Adolphe Thiers, l’action au détriment de la contemplation

Né à Marseille en 1797, Adolphe Thiers étudie le droit à Aix-en-Provence. En 1821, il s’installe à Paris, fréquente les milieux politiques, puis s’engage dans le journalisme. Passionné par l’histoire, il va publier entre 1823 et 1827 son premier grand ouvrage – en 10 tomes – l’Histoire de la Révolution Française. Il fut, certes, avec François-Auguste Mignet, le premier à tracer une histoire complète des évènements. Mais aujourd’hui, malgré le succès extraordinaire de l’époque, ses écrits sont tombés dans l’oubli. Ou du moins, ne font plus référence, d’autres penseurs ayant après lui analysé avec bien plus de justesse la Révolution Française et ses causes profondes. Un succès qui lui offrira néanmoins un fauteuil à l’Académie Française en 1833, et surtout de confortables revenus. Jusque là, rien de mal… Tous les siècles ont connu des honneurs non justifiés, et la richesse légalement accumulée n’est pas un crime.

adolphe thiers portrait

Peu importait finalement à Adolphe Thiers la postérité. L’homme vouait un culte à l’action, et méprisait la contemplation. Selon lui, « l’homme est né pour agir.  Qu’il soit ou ne soit pas destiné au bonheur, il est certain du moins que jamais la vie ne lui est plus supportable que lorsqu’il agit fortement; alors il s’oublie, il est entraîné, et cesse de se servir de son esprit pour douter, blasphémer, se corrompre et mal faire »*. Agir, coûte que coûte, sans autre impératif que le moment présent, et en évitant le plus possible d’utiliser la pensée. Un mode de réflexion qui explique sans doute les décisions prises par Thiers au cours de sa vie politique.

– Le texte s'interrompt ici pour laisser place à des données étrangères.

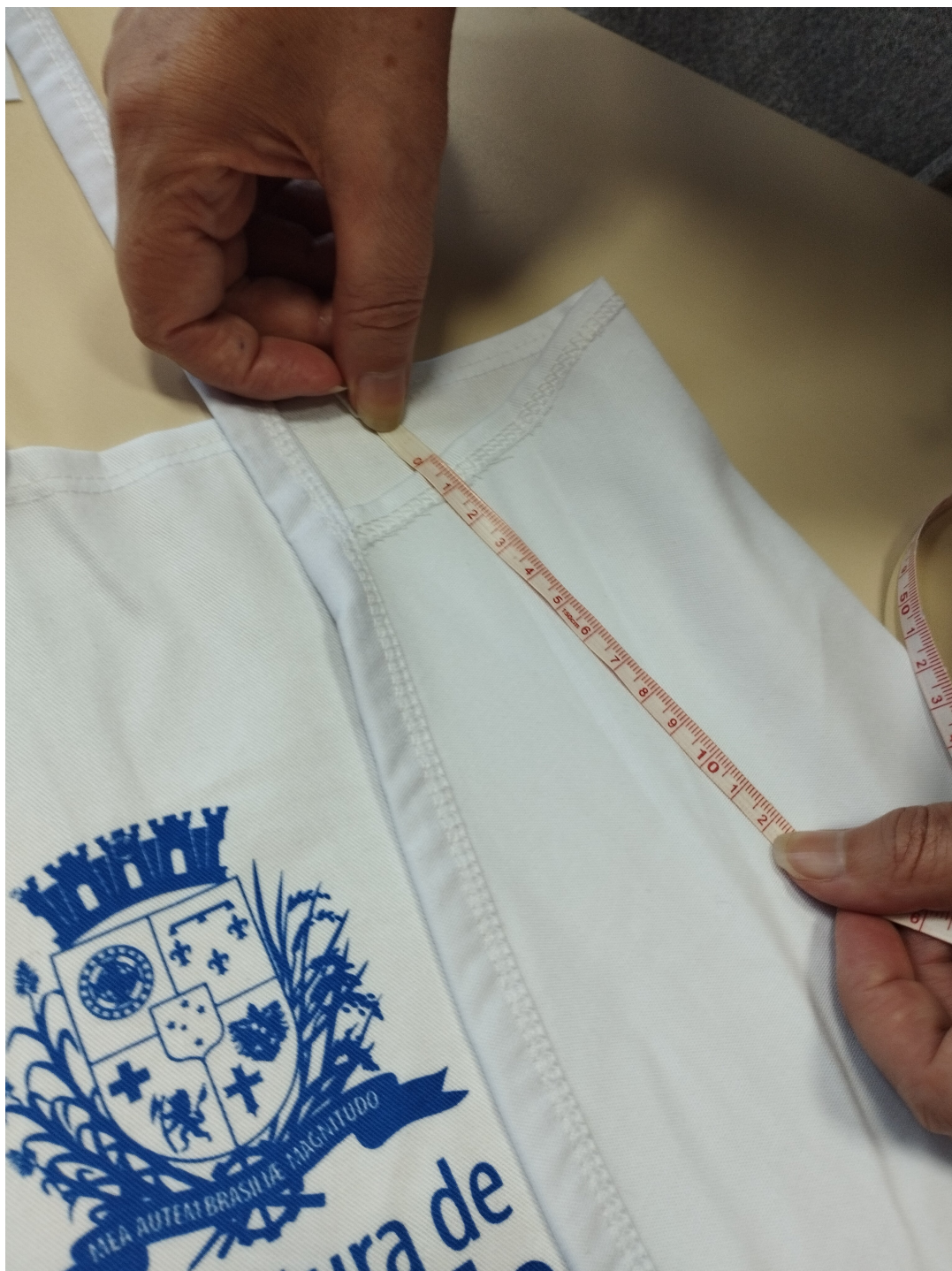
Foto 1. Identificação da bainha superior da peça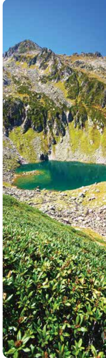
Göleteği Gölü, Ardeşen

Elinizdeki rehber kitap, ayrıntılı haritalar ve bölgede yaklaşık 9 yıllık bir yürüyüş deneyiminin yardımıyla hazırlanmıştır. Takdir edileceği üzere tüm göllere ulaşmak neredeyse olanaksızdır. Listede yer alan isimsiz göller ile takım gölleri hesaba katıldığında, Rize il sınırları içerisindeki buzul gölü sayısı 215'e yaklaşmaktadır.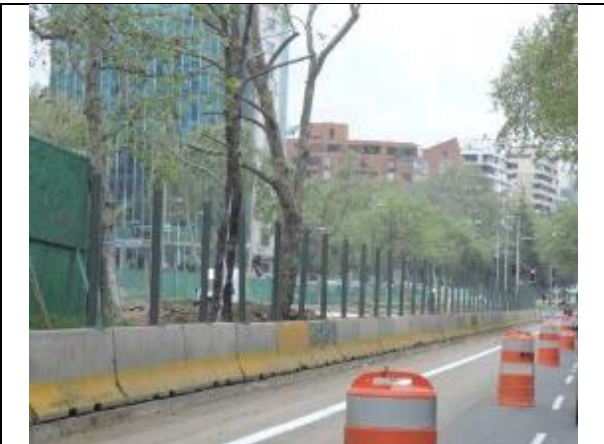
Habilitación de ciclovías Lado oriente y Poniente, Comuna de Vitacura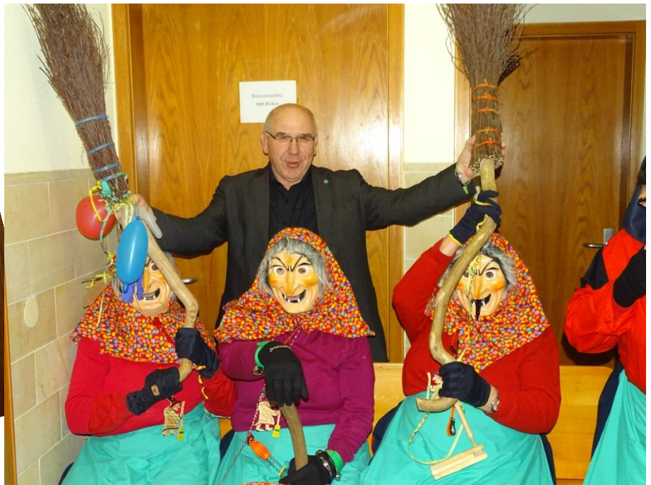
Am Gumpendonnerstag haben die „Gloikucher Hexa“ aus Kleinkuchen im Rathaus Großkuchen die Herrschaft übernommen.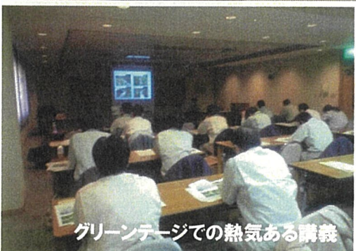
グリーンテージでの熱気ある講義

平成20年12月16日に、葛巻町のふれあい 宿舎「グリーンテージ」と一級河川元町川を会場に第三回いわて多自然川づくり学校が開催されました。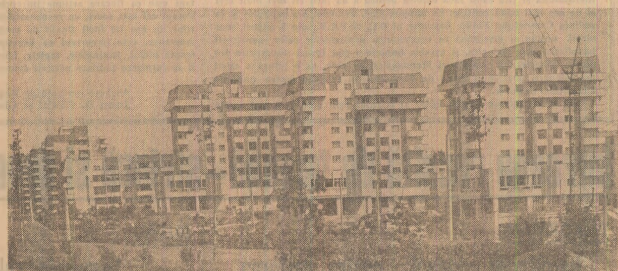
Un nou cartier de locuințe în municipiul Craiova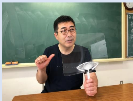
団扇型パーテーション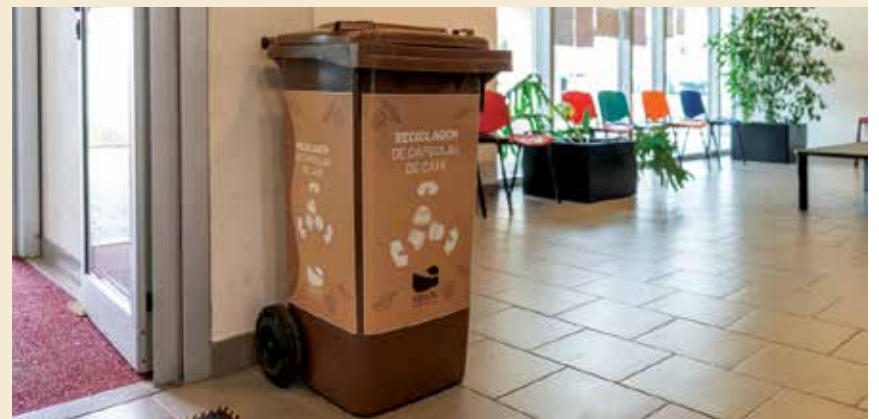
Contentor de cápsulas de café

Deposite as cápsulas usadas nestes contentores e ajude a reduzir a quantidade de resíduos que vão parar aos aterros.

La répression selon Thiers

Député des Bouches-du-Rhône, conseiller d’État, secrétaire général du ministère des Finances, sous-secrétaire d’État, ministre des Finances… Adolphe Thiers gravira un à un les échelons du pouvoir, jusqu’à devenir en 1832 Ministre de l’Intérieur. Un poste qui lui permettra d’afficher sa notion toute relative de la liberté et de la démocratie, lui qui s’est déclaré au cours de sa vie politique du « parti de la Révolution ».

En avril 1834, 6.000 ouvriers de la soie lyonnais (canuts) se révoltent contre la baisse des salaires et une loi visant à interdire les associations. Thiers fait mine dans un premier temps de ne pas intervenir, et laisse les barricades se former dans la ville. L’assaut sera donné entre le 9 et le 15 avril, et fera 600 morts. Une révolte qui se propagera à Paris, où des barricades seront également déployées à partir du 15 avril. Lors de l’attaque de l’une de ces barricades par l’armée dans l’ancienne rue Transnonain (aujourd’hui rue Beaubourg) un capitaine d’infanterie fut tué d’un coup de feu tiré depuis un immeuble de la rue. Le lendemain, tous les habitants de l’immeuble seront massacrés.

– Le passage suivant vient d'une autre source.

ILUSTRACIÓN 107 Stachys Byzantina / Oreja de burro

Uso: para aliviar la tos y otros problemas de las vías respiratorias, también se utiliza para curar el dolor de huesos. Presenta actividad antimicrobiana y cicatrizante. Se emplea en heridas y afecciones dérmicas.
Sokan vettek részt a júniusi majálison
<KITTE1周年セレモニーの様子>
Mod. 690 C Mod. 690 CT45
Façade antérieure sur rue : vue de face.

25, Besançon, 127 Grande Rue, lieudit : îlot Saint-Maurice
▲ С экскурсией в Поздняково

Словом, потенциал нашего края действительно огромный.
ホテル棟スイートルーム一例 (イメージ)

Une répression sanglante qui fut un prélude au plus grand massacre commandité par Thiers, lors de la Commune de Paris. Après deux mois d’insurrection dans la capitale, Adolphe Thiers, alors chef du pouvoir exécutif, est retranché à Versailles. Il négocie avec l’occupant prussien la libération de 60.000 soldats qui lui serviront, avec le reste de ses troupes, à écraser la révolte. Du 21 au 28 mai 1871, les combats feront environ 20.000 morts parmi les communards (1.000 environ pour les versaillais). Une répression qui finira lors de violents combats dans le cimetière du Père-Lachaise, où 147 parisiens seront éxécutés sur le mur devenu aujourd’hui le « mur des Fédérés ».

Henri-Alfred Darjou, Exécution des derniers communards au cimetière du Père-Lachaise le 28 mai 1871
Henri-Alfred Darjou, Exécution des derniers communards au cimetière du Père-Lachaise le 28 mai 1871

Après ces exploits, Thiers deviendra Président de la République le 31 août 1871, et le restera jusqu’au 24 mai 1873.

Les trois moitiés d’Adolphe Thiers

Derrière ce caractère froid et autoritaire se cachait également un étonnant coureur de jupon. Si l’histoire n’a pas retenu ses ouvrages en 10 tomes, elle a également oublié que l’homme a vécu avec trois femmes différentes, sous le même toit, et toutes issues de la même famille !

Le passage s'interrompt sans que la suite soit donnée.